=== Section Start ===

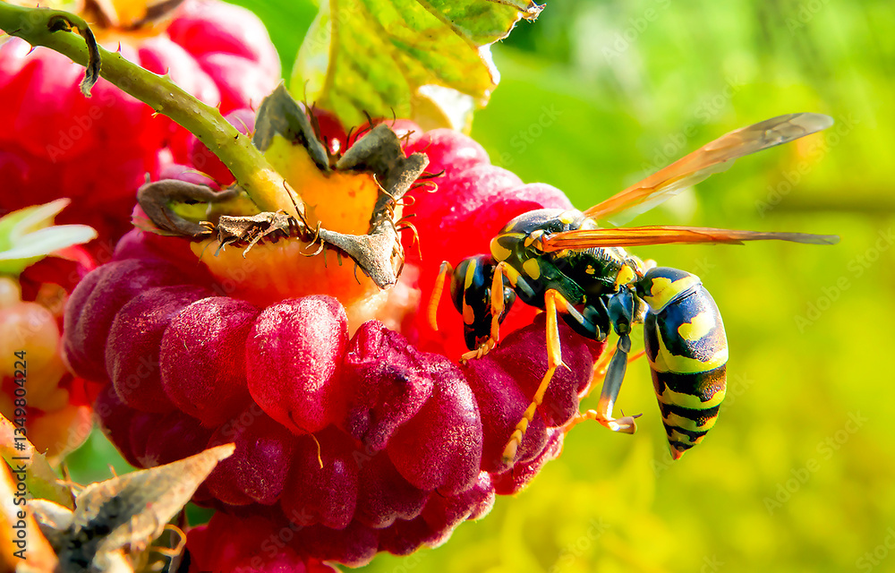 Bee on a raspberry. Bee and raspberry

=== Section End ===
=== Section Start ===

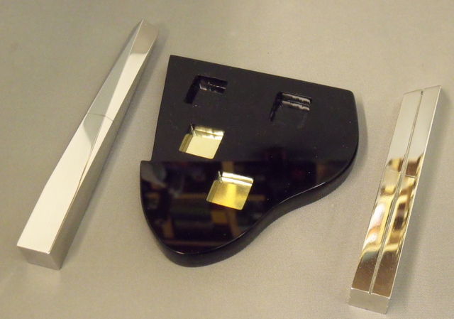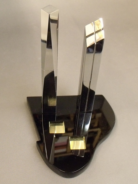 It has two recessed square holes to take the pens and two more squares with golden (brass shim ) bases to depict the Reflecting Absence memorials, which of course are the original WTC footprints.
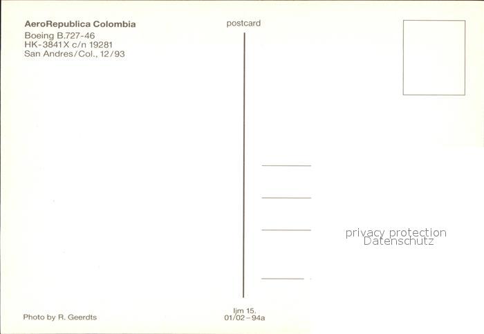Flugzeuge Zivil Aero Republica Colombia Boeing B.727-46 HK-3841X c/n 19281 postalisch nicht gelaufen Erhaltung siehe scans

=== Section End ===
=== Section Start ===

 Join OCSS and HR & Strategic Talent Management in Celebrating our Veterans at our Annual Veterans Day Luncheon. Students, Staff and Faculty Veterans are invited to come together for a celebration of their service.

=== Section End ===

*DIRECTIONS FOR THIS TASK*: Write out word for word the lines of the listing above from the line with "It has two recessed" to the line with "Flugzeuge Zivil Aero", taking in both of those lines but no pictures.

*YOUR RESPONSE*:
 It has two recessed square holes to take the pens and two more squares with golden (brass shim ) bases to depict the Reflecting Absence memorials, which of course are the original WTC footprints.
Flugzeuge Zivil Aero Republica Colombia Boeing B.727-46 HK-3841X c/n 19281 postalisch nicht gelaufen Erhaltung siehe scans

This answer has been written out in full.